# Problem to solve:
Would you transcribe exactly the lines from the one containing "The United States" to the last line of the data below, both ends included, but none of the pictures?

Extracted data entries

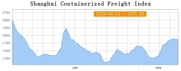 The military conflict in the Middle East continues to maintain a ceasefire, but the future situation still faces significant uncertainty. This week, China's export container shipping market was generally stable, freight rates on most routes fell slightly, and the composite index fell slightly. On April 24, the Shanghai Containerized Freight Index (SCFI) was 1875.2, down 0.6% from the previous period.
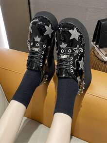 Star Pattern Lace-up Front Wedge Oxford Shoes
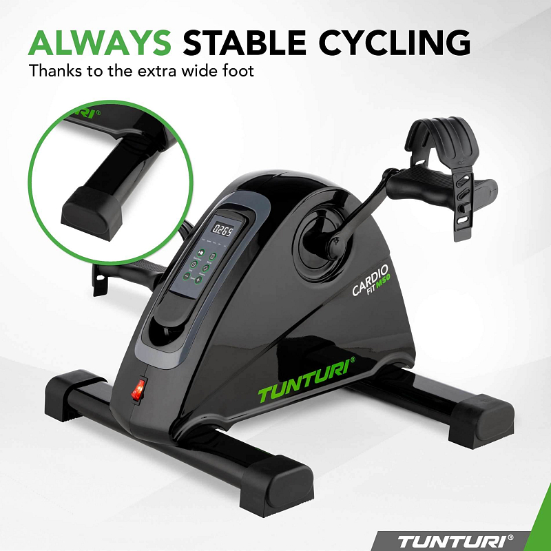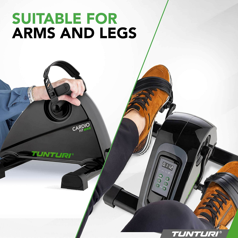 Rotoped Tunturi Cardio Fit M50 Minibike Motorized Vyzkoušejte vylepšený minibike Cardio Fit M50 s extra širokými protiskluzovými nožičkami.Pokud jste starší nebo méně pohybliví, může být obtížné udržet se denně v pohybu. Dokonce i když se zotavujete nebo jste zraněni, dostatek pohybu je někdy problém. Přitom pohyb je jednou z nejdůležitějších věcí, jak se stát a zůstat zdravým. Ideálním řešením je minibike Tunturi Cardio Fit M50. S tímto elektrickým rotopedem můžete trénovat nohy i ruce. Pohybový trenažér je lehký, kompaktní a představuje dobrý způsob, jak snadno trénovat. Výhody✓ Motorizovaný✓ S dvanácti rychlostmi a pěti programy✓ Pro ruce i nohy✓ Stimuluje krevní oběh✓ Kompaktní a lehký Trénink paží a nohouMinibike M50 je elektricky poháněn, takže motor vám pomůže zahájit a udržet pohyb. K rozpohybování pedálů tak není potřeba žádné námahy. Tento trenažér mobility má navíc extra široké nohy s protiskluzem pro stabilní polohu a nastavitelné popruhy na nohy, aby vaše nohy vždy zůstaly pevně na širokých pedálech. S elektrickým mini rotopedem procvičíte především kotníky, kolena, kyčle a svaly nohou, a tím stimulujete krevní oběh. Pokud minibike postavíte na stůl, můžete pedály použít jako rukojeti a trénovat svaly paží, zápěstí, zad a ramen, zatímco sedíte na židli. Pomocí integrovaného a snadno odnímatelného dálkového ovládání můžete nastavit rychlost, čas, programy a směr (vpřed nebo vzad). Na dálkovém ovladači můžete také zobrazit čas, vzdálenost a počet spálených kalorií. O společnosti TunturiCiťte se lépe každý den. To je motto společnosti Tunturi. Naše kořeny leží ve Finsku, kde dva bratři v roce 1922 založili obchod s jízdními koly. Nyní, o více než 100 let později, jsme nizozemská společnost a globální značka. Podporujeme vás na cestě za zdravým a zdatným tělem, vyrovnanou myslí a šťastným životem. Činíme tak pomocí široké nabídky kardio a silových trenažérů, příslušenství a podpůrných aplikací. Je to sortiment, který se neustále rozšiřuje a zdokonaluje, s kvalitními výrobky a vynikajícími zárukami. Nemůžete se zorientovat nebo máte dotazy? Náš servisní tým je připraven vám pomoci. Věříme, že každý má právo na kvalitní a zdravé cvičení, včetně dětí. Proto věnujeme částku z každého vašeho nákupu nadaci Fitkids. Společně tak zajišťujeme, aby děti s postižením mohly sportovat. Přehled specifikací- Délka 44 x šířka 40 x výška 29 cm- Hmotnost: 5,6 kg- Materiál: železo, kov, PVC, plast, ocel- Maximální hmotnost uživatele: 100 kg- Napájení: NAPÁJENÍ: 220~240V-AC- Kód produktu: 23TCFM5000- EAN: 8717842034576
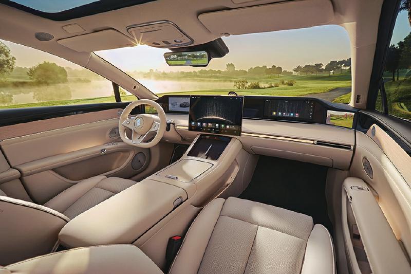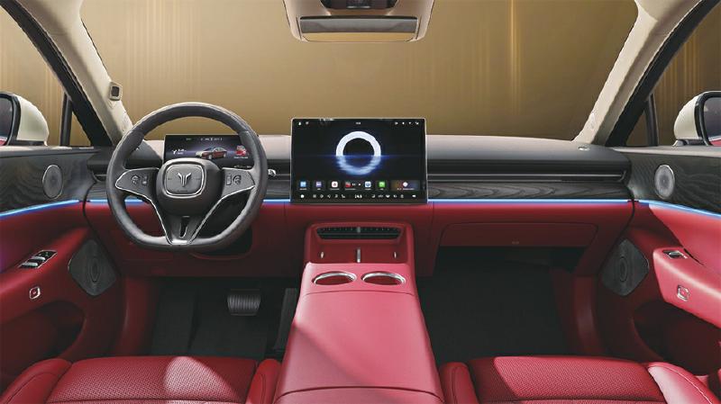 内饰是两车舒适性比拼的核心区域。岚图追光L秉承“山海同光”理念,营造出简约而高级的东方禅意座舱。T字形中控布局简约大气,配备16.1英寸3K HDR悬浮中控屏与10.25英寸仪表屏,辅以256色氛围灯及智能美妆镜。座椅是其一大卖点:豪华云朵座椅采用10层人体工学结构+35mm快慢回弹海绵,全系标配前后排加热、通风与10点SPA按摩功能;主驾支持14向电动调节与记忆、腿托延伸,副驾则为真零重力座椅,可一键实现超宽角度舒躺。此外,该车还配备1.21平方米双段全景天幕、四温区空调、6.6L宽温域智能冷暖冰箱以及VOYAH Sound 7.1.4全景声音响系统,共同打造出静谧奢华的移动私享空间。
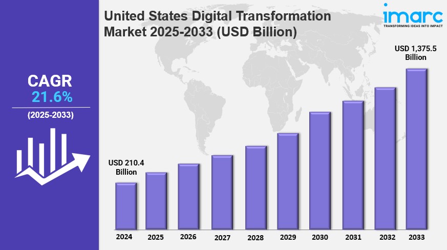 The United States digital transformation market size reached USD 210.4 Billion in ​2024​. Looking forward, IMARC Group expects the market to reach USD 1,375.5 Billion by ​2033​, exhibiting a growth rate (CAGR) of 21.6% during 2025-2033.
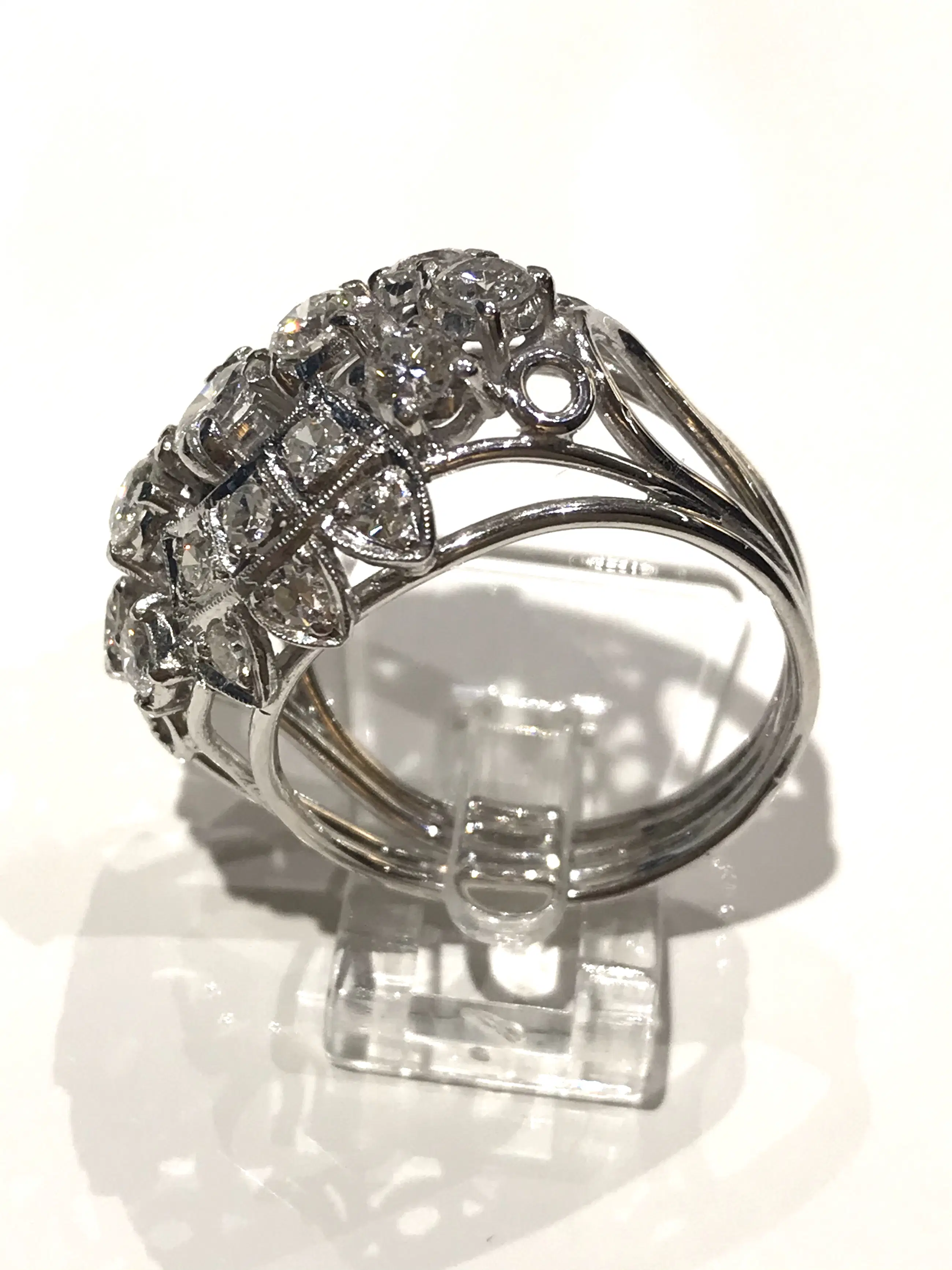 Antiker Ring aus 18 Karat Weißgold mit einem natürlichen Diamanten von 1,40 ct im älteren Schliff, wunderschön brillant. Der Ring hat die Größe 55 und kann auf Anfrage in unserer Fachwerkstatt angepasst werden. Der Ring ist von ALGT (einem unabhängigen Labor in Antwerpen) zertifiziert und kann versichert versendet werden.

# Exercise result:
 The United States digital transformation market size reached USD 210.4 Billion in ​2024​. Looking forward, IMARC Group expects the market to reach USD 1,375.5 Billion by ​2033​, exhibiting a growth rate (CAGR) of 21.6% during 2025-2033.
 Antiker Ring aus 18 Karat Weißgold mit einem natürlichen Diamanten von 1,40 ct im älteren Schliff, wunderschön brillant. Der Ring hat die Größe 55 und kann auf Anfrage in unserer Fachwerkstatt angepasst werden. Der Ring ist von ALGT (einem unabhängigen Labor in Antwerpen) zertifiziert und kann versichert versendet werden.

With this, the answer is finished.